Re: evaluation of logic as a representation for ontologies
Charles Petrie <petrie@informatik.uni-kl.de>
Date: Thu, 27 Aug 92 10:42:19 MET DST
From: Charles Petrie <petrie@informatik.uni-kl.de>
To: Tom Gruber <Gruber@sumex-aim.stanford.edu>
Cc: Shared KB working group <srkb@isi.edu>, huhns@mcc.com
Subject: Re: evaluation of logic as a representation for ontologies
Message-id: <9208271042.aa00608@inti.informatik.uni-kl.de>
Tom,
The examples you address suggest that, as usual, the problem is less
with the adequacy of the modeling language, than with agreement on the
domain semantics: even with a smallish niche like bibliographies. But
the problem is that no one is offering a bibliography service.
Folks are just not likely to agree upon an ontology in the abstract.
They may use an Internet service and Ontolinqua may be a good way to
formally describe the service so that it can be ported from one
machine to another rather than just used as a remote server.

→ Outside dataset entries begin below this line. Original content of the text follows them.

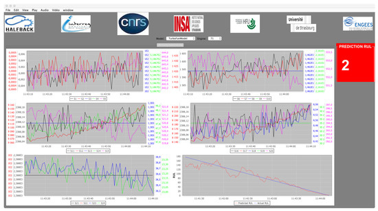 Whereas [17] considered only 10 arbitrary test sequences, we use a random train–test split. The first 70 sequences are used to build a model, using LSTM [50]. The remaining 30 sequences are used as a test set. Figure 4 illustrates the used architecture. A fixed window length is defined and used to train the LSTM. A data normalization process is applied on all time series. In LSTM, the hyperbolic tangent is used as the activation of hidden neurons and the sigmoid for the gates. All features are used for training, due to the ability of LSTM to deal with non-relevant features. After trying other existing optimizers, an adamax optimizer is retained by experiments to fit the best model. Then, a dropout function is used between layers to prevent over-fitting. Finally, the last dense layer estimates the remaining useful life of the tested turbofan engine. The hyperparameters were set by preliminary experiments on a few sequences of the training set until the predictions successfully converged to a detection of the failure. In future work, cf. Section 6, we plan to favor underestimations over over-estimations, and to optimize the fitting near the duration needed to plan and perform the maintenance. Figure 5 contains a screenshot of the prediction software we implemented.
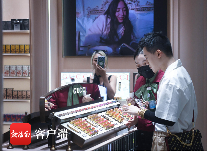 7月10日,游人在三亞海旅免稅城古馳美妝旗艦店選購化妝品。記者 沙曉峰 攝
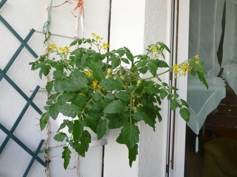 Meine liebste (vom Geschmack, Aufwand und Ernte) Naschtomate auf dem Balkon ist die Gartenperle. Sie hängt in einem 3 Liter-Fallfohrtopf mit 0,5 l Wasserspeicher.Hier zur Blüte:Ich sehe gerade, dass es hier eine 4 Liter Ampel ist.
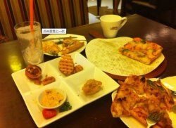 今天去吃的下午茶,点了拼盘披萨,饮料有续杯,不过续杯的速度很慢,第一杯喝完了,等了很久,服务员才来续杯,态度一般。觉得鸡翅比以前吃的都好吃,可能是因为非常烫的关系,有汁水,入口口感很好。披萨上面的材料很多,火腿,和肉满满的,味道很好,芝士味很浓郁,而且一点也不腻。。蛤蜊汤,觉得还不错,汤很浓很鲜,不过吃了很容易饱。我们2个女生,最后都么吃完,只好打包回家。哈哈另外,这家店的交通很方便,乘地铁,路过就进去吃东西了。…查看更多
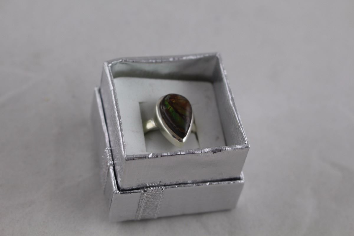 CANADIAN FREE FORM AMMOLITE RING, STERLING SILVER, GOOD COLOUR PLAY, INCLUDES $300 CERTIFICATE
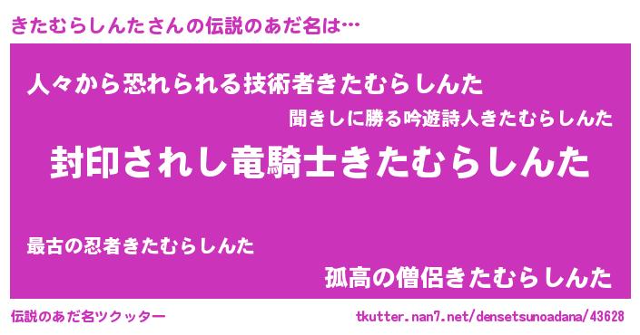 | 男性向けラノベタイトル風あだ名 | 『キタムラシンタアートオンライン』 |
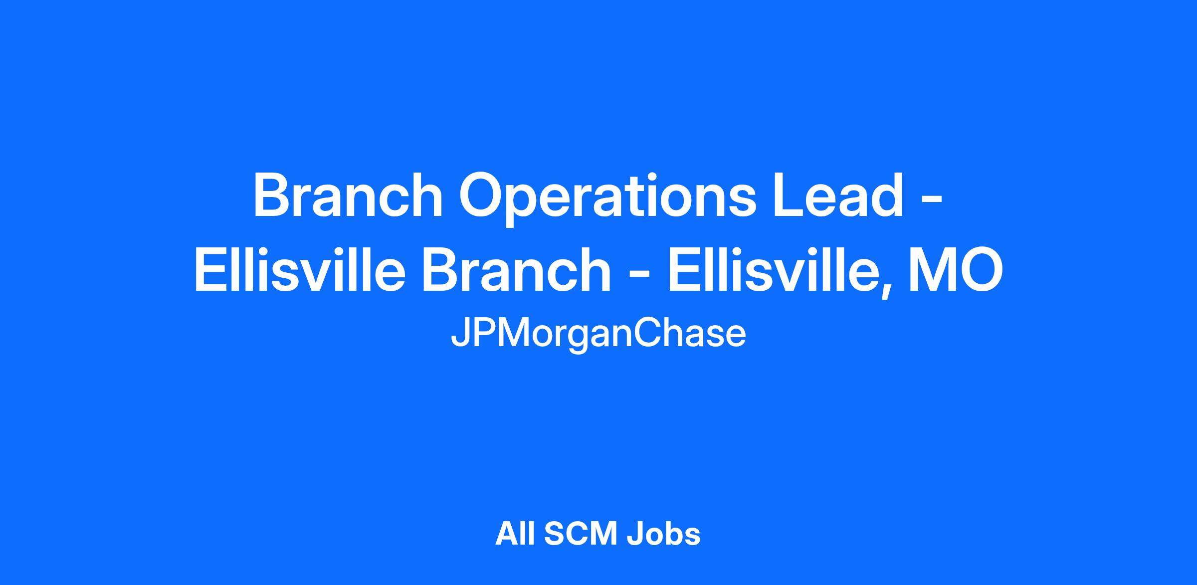 Branch Operations Lead - Ellisville Branch - Ellisville, MO

There is
a commitment to an ontology to the extent there is use of the service.
None of this directly addresses the crucial problem of merging
software, which Bob Neches raised, again. But, it does address this
problem indirectly.
Pick a university that has an expert systems class. Every year, say,
fifty student expert systems get built. Say, five of them are on
agricultural management. Over ten years, we get fifty expert systems
on various aspects farm management, perhaps in the same language. Is
there any hope of combining these fifty into a network that comprises
a super farm management system? Rhetorical question.
So the hope of Ontolinqua, perhaps, is that each expert system author
could, in principle, describe his ontological commitments in
Ontolinqua, thereby facilitating cross-system inferences. In such a
scenario, the best that can be hoped for is that Ontolinqua
descriptions would expose the conflicts between the definitions in the
existing systems. Such a partial solution is useful. For example,
Ontolinqua might be a useful tool in integrating/federating enterprise
models. Has this been tried? (Could two IDEF users use Ontolinqua?)*
Ontolinqua will provide a "complete" solution for future systems to
the extent that person 1 will use it to describe his/her current
system and person 2 will use that description to guide his/her
construction of the next system. Apart from the obstacles of tool
properties (e.g., adequacy, ease-of-use), why would person 2 do so?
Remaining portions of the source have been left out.